The code is just a portion of the GUI that I am creating to make it easier to work with the CHILDES data, and the sample is part of one transcript for one session with a child. The lines are everything spoken by the child's parents and are our child directed speech. These data will become a semantic network and a phonological network and part of a training set for Erick's speech recognition model. 

Now that we have our usable data we can start designing models and creating algorithms that will serve as statistical tests to analyze our data. Our first step will be to create our models. For Erick that means training his system with the data sets, and for me that means creating networks for the data sets. The next step will be creating our null model (or starting our null simulation). 

The null model will be built with the following steps.

1) take an observation from our data (a network/ network measure)

2) find a new population from a normalized source (our VOX data representing normal adult speech)

     repeat this 1000x to create a normal distribution

3) is our observation unique compared to our distribution?

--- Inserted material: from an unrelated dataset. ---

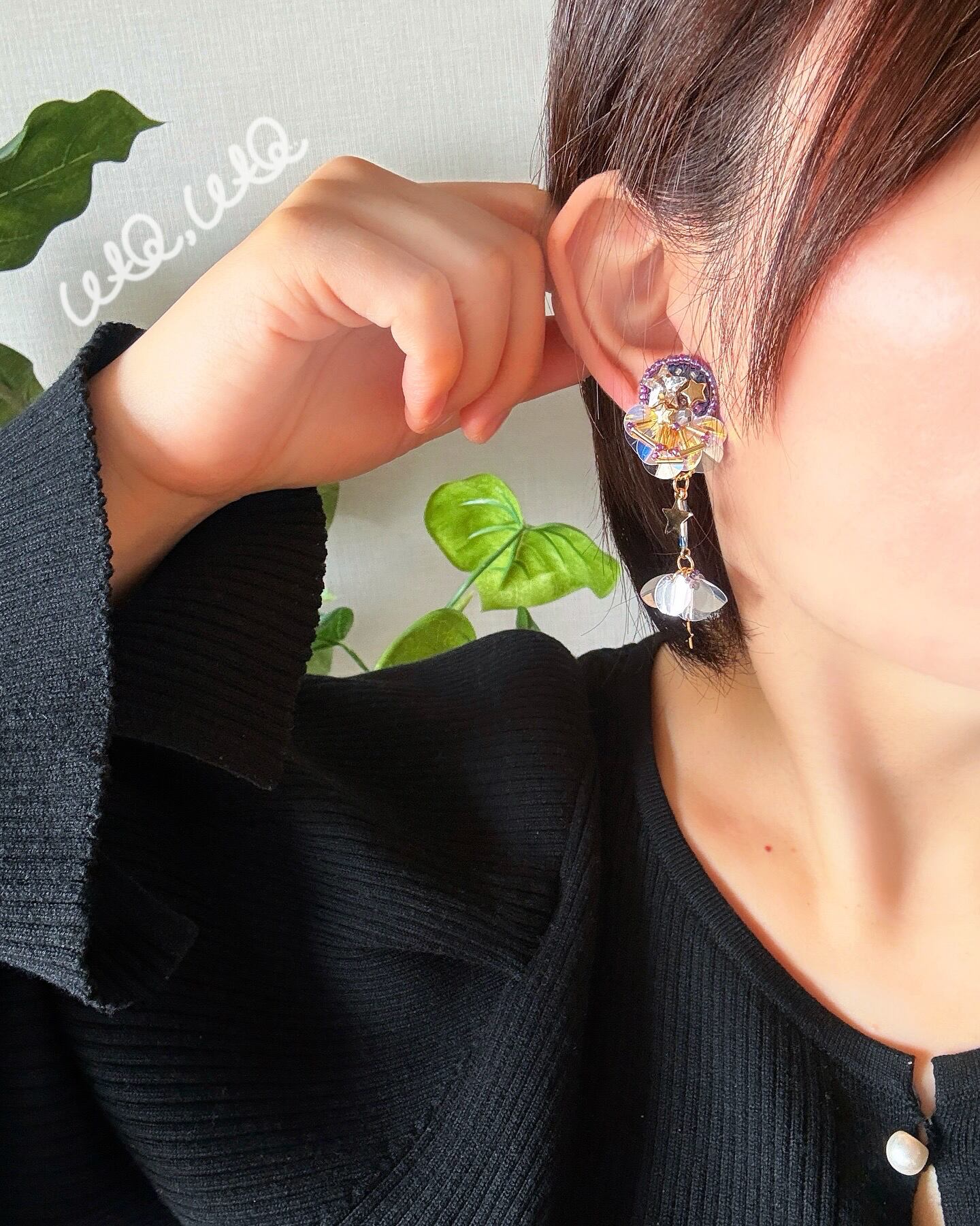 可愛く美しく手刺繍で繊細なデザインに仕上げた星座モチーフの耳飾り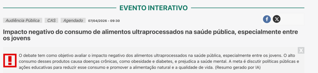 The permanent committees of the Senate are debating and voting this week on various topics. Among the most notable topics are the hearings on the consumption of ultra-processed foods. The debate seeks to evaluate the negative impact of ultra-processed foods on public health, especially among young people. The objective is to analyze public policies and educational actions to reduce this consumption and promote natural foods and a better quality of life.

We will be able to do this multiple times and focus on how we can change our normalized model to better represent our observations. This simulation will most likely be the bulk of our papers, but later we can also separated our observations into the three time ranges (0-12, 12-24, 24-36) to see how the model changes over time. So, goals for the rest of the year and January is to finish the parser GUI to build any network we may need, and then to use R to analyze the networks and our null model, and finally to write and submit a paper to CogSci.

Week Sixteen

December 14, 2017

 

This week has been especially busy and stressful. We get closer every day to the end of the semester and thankfully tomorrow is the end for me! But, the research continues and now I will have more time to get some real work done for this project and hopefully make next semester a bit easier. 

Our group still met this Tuesday in Professor Brumberg's lab. We discussed availability and whatnot over the break and our game plan for the next couple of months. We started to make a list of tasks that will need to be completed for our CogSci submissions which we will refine next week before we part ways. One thing that is certain, we must have all the data that we can use formatted and available before Christmas, that way we can begin our analysis over the break. To complete this, Erick and I have been assigned separate portions of the 'data formatting' goal to be completed before our next meeting this coming Tuesday. We must also start our own LaTex file using the CogSci style sheet with the goal of having our first drafts done and sent to our professors by December 26. 

Even though the semester will be over soon, I don't think Erick and I will slowing our momentum towards our goal.

Week Fifteen

December 7, 2017

 

This week we met with Professor Brumberg on Tuesday and gave our outline presentations. Professor Beckage could not make our meeting this week unfortunately, so I think that we will be meeting with her next Tuesday. 

The meeting went well and both Erick and I got great feedback from Professor Brumberg, and I feel like these presentations will make it easier to write our papers because we already have a decent outline and a bit of content to start with. Over the break the plan is to complete several drafts and edits with as many people as possible to get as much feedback as possible. We also decided it would be beneficial to describe our overall project in each of our papers to give more context to our individual parts of the project. 

We were also able to figure out how to extract time stamp information from the transcription files!!! We were fiddling with the CLAN program during the meeting and found a setting on some of the files that 'expanded bullets' which gave us line by line start and end time stamps in milliseconds. It was crazy that we had never noticed it before, and it was definitely a relief to finally get that information. So, I will have to do some more digging to see if I can get the bullets on all files just by syncing the transcriptions with their audio files. If I can't then I will have to add more parameters to my code that searches the data to determine file by file if we can get the time stamps using the CLAN software.

Week Fourteen

November 30, 2017

 

This week Erick and I met and discussed what is left to do for this semester before we go on break. In our meeting with Professor Beckage and Professor Brumberg we were asked to give 15 minute presentations as a first outline of our individual papers, so Erick and I first discussed how we would go about structuring and preparing our papers and then shared our progress and got feedback on our presentations for this Tuesday. 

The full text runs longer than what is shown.